ドラマ「ラスト・フレンズ」20代役者たちのプロ意識
4月から始まったドラマが、続々と最終回を迎えている。某アイドルが数字をとれなくなっただとか、勧善懲悪で有名なあのシリーズはそろそろマンネリ化だとか、様々な議論が飛び交った今クール。貴方のお気に入りはあっただろうか(ちなみに私はどちらのドラマも食い入るように見ていたけれども)。
近年、軽く明るいテレビドラマが好まれる傾向にある中で、それを覆すかのような重い作品が今クール高視聴率を獲得したことをご存知だろうか。今回紹介する記事に登場する、『ラスト・フレンズ』である。
『ラスト・フレンズ』は、恋人同士のドメスティックバイオレンスや性別違和症候群、幼少期の虐待によるトラウマなど、現代の問題を「これでもか!」とばかりに盛り込み、昼ドラ顔負けの泥沼展開を見せたフジテレビのテレビドラマ。主演に長澤まさみと上野樹里、その脇に水川あさみと瑛太、そして長澤のDV彼氏に、ジャニーズグループNEWSきっての好青年・錦戸亮をキャスティングした、実に豪華な作品だ。
記事は彼ら、20代役者たちのプロ意識がいかに高いかを述べている。
「役者」とは、つくづく不思議な人種だなぁと思う。私たちが認識している彼らは、彼らの真実の姿ではない。彼らが作り出した「役」としての姿である。

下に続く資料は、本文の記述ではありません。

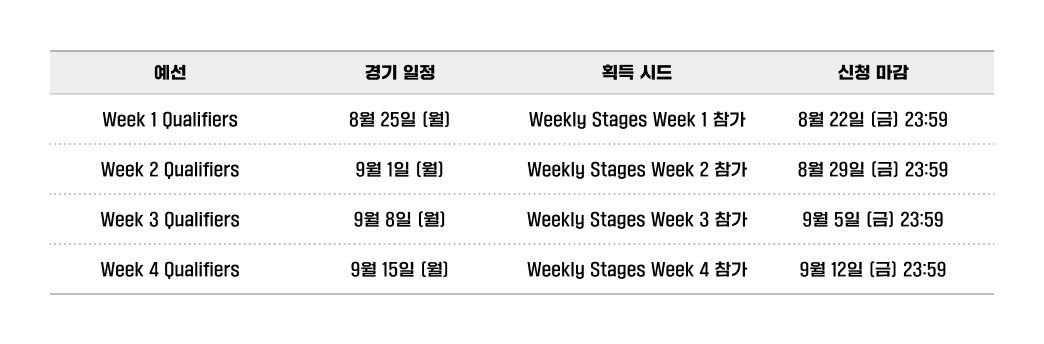 (Weekly Stages 누적 포인트 상위 16위 팀은 다음 주 차 Weekly Stages 참가를 위한 예선 경기 참여가 불가합니다.)

彼らは彼らなりの想い(例えば今回の長澤まさみならば「(DV被害者の実態を)今を生きる若者たちに伝えたい」、上野樹里ならば「自分の中の(今まで知らなかった)自分に出会うチャンス」)を持ちつつ、役を演じている。彼らは表現者だ。
しかしその「表現」は脚本家なり監督なりの想いを反映した、いわば二次的なもの。ドラマを作り出すスタッフ全員が、自身では叶えることのできない「表現」を彼ら役者に託すのだ。

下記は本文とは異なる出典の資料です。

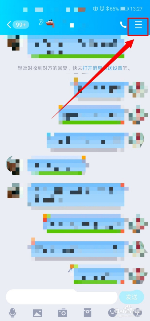 进入聊天页面后,点击右上角的三条横线。

演じて「伝える」こと。それは、役者の使命。高いプロ意識の所以なのではないか。
記事を読んで、そんなことを考えた。
『ラスト・フレンズ』を毎週リアルタイムで見ながら、「錦戸怖い!」「瑛太かっこいい!」などと奇声歓声をあげていたここ3カ月の自分を反省した次第である。